The British Schools Museum in Hitchin offers a unique insight into life at school in Victorian times. This gem of a museum is housed within historic school buildings dating back to 1837, and includes the only surviving school room built to the specifications of Joseph Lancaster. This forward-thinking educational philanthropist set himself the challenge of providing much-needed education for the poor children of the area, at a time when such ideas were almost unheard of. His solution to managing the difficulties of teaching 200 children in one room is a masterpiece of innovation, and you can get a taste of how it all worked (even down to practising your copperplate handwriting), as you tour the museum.

A chance to practise your handwriting

A chance to practise your handwriting

A space for small group teaching - all toes must touch the line

A space for small group teaching – all toes must touch the line!

If your work or behaviour was good, you could win a prize...

If your work or behaviour was good, you could win a prize…

The history of schools and education for over 200 years is covered within the various rooms, which include a galleried Victorian schoolroom, an Edwardian schoolroom and their more modern counterparts.

The teacher's desk in the Edwardian Classroom

The teacher’s desk in the Edwardian Classroom

Old-fashioned desks

Old-fashioned desks

There are many interactive exhibits and fascinating information to browse, and for those of you who have reached a certain age, some will bring the memories flooding back.

Check out these classroom resources

Check out these classroom resources

You can also take a look at the schoolmaster’s house, which has been restored to its former glory with period artefacts, and even boasts an underground cellar that linked to the schoolmistress’s house next door!

The museum is run by enthusiastic volunteers; on the day of our visit, we saw one elderly gentlemen on his knees in the rain, weeding with one hand and holding an umbrella in the other – true commitment.
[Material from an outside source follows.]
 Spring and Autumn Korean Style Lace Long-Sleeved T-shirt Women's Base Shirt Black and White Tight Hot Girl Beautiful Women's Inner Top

Our guide was a mine of information, and kept both adults and children captivated by his wealth of knowledge.

We browsed some stunning examples of needlework created by former pupils, bought souvenirs in the small gift shop, and topped our visit off with tea and a delicious slice of cake in the period cafe.

The museum also runs a wide variety of special activities for children and adults alike. Workshops will transport you back in time, complete with period costumes and activities, or you can simply enjoy a talk or concert in atmospheric surroundings. School visits can give children a chance to experience the life of a Victorian school child or a WWII evacuee. Group visits can be organised with prior arrangement.
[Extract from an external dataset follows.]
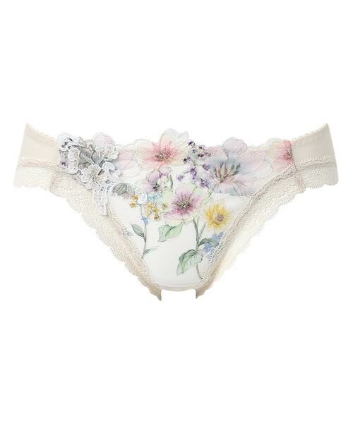 -麗しのバラ園- モナコ日差しにあたたかみが増して春の訪れを感じる季節。モナコのバラ園では花々が咲きはじめ、やわらかな香りに満たされます。鳥のさえずりや楽しげに舞う蝶が出迎えてくれる庭園に咲く色とりどりのバラを、豪華な立体アップリケや多色使いのプリントで華やかに描きました。・フロントは裏打ち付きで透けにくい・春の訪れを感じるような華やかな彩りのプリント&ラメ糸のチュールエンブロイダリーレース・サイドにはケミカルアップリケをあしらった華やかで豪華なデザイン

Admission charges are £4.50 for adults and £2.00 for children, with a family ticket available for £12.00. Opening times and days vary, so check the website for details before setting off. Pay and Display parking is available at the nearby St Mary’s Church car park, and the nearest bus stop is within three minutes walk, with Hitchin Station only 15 minutes away.

This lovely family-friendly museum gave us a great feeling for what life was like as a Victorian schoolchild, and we thoroughly enjoyed our visit.